It was hot.
I wanted so badly to reach up and rip the scarf from around my head. I stared down at my sweating hands—the only part of my body, other than my face, that I was allowed to show. I began to whip them around in the air, hoping I could dry them off a little. I was cursed with constantly sweaty hands. And it being so hot out and having to completely be covered in cloth didn't help much. Every time a white person would come here, they would admire our golden skin. I would give it to them in a heartbeat if they were willing to take my place in the blazing sun of the Middle East.
They described us as exotic. I didn't know what that word meant, but I didn't care whether or not it was an insult. I had managed to pick up a little English, and that was because they came to our school to teach us. To talk to us about their religion. My parents didn't like that very much; but the white people gave the school money, so the school didn't mind the parents's criticism.

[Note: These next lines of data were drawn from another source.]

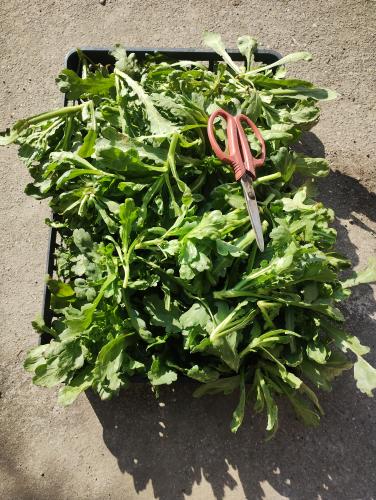 大葉しゅんぎくを収穫し、地上部を刈り取りました。
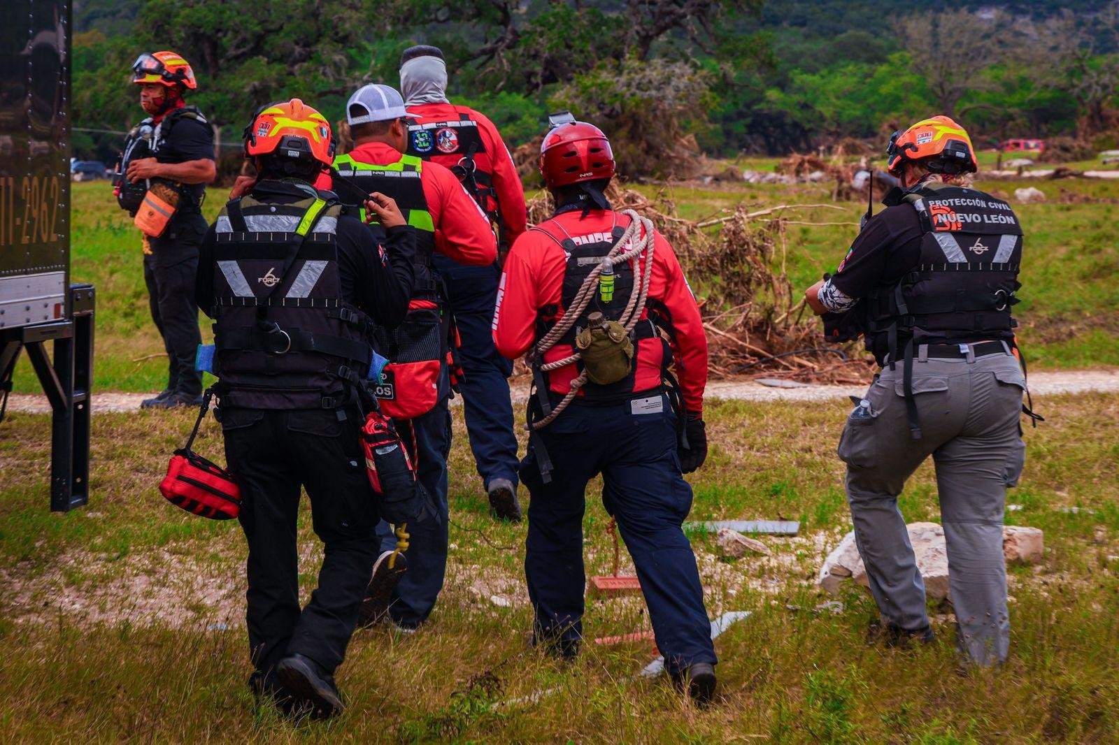 Monterrey, Nuevo León.- Los elementos de Protección Civil que fueron enviados para apoyar en las tareas de búsqueda de personas tras las inundaciones del pasado 4 de julio, ya se encuentran operando en el condado de Kerr, en Texas, Estados Unidos.
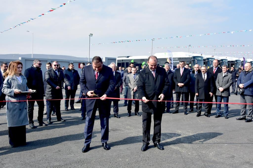 Təqdimat mərasiminin yekununda istehsalat bazası və yeni alınmış avtobuslara baxış keçirilib
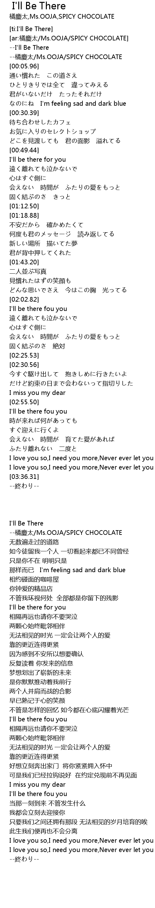 | [00:03.12] | --橘慶太/Ms.OOJA/SPICY CHOCOLATE |

Life was so boring. There were so many restrictions. There were so many unexpressed emotions that I began to think that I would rather be locked up to my lonesome than listen to the superficial talk of everyone around me. It was all a game of show and tell. Who had the smaller hips (because generally, Arab girls had huge hips), who had a smaller nose, whose eyebrows were better groomed...of course, no one ever said any of that out loud. They only showed it off as best as they could, and I believe that was to hide their own insecurities. For in reality, no one actually thought they had the smallest nose. They just looked at other noses and wished that theirs could be as small. I didn't see the big deal, to be honest. All their noses looked practically the same to me.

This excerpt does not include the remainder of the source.